About three quarters of utilities see moving their on-premise apps and workloads into the public cloud as a dominant component in their IT strategies, according to a recent IDC survey. But Gaia Gallotti, research manager at IDC Energy Insights told BCN the firms need to first overcome a pretty significant skills gap and an ageing workforce if they are to modernise their systems.
According to the survey, which polled 38 international senior utility executives, the vast majority of respondents are sold on the benefits cloud could bring to their IT strategies. About 87 per cent said cloud services provide better business continuity and disaster recovery than traditional technology, and 74 per cent said public cloud migration will be dominant within their broader IT strategy.
Interestingly, while 76 per cent of respondents believe cloud providers can offer better security and data privacy controls than their own IT organisation, 63 per cent said ceding control to a cloud provider is a barrier to their organisation’s adoption of cloud services.
“The utilities industry can no longer afford to deny the advantages of ‘going into the cloud.’ As security concerns are further debunked, utilities expect to see a significant push in their cloud strategy maturity in the next 24 months, so much so that they expect to make up lost ground and even supersede other industries,” Gallotti said.
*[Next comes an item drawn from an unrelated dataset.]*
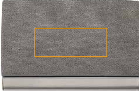
2. TOP SIDE
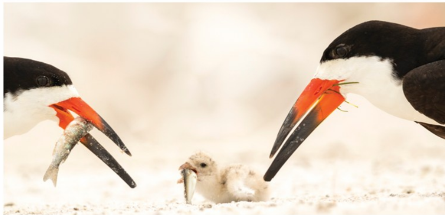
Black Skimmers feeding chick

But most also believe internal IT skillsets not up to speed with new cloud standards, methodologies, and topologies. 74 per cent said they will need a third-party professional services firm to help develop a public cloud strategy.
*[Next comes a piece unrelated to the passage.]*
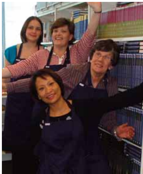
Our New Zealand staff in their new headquarters.
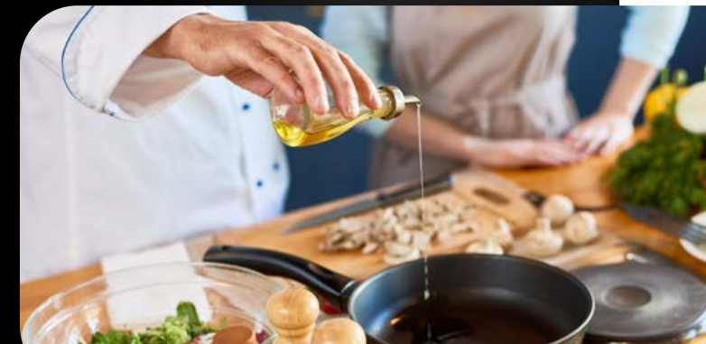
3 Course Lunch & Cooking Class

“This is a huge problem the industry is facing, but not exclusively for cloud services. Utilities are struggling to attract talent in all IT domains, especially for the ‘third platform’, as they compete with companies in the IT world that attract ‘Generation Y’ talent more easily,” Gallotti explained.
“The utilities industry also has an issue with aging workforce outside of IT and across its other business units. In the short term, we expect utilities to rely more on their service providers to fill skills gap that emerge, in the hope of more easily attracting the right talent as the industry transforms and becomes more appealing to Gen Y.”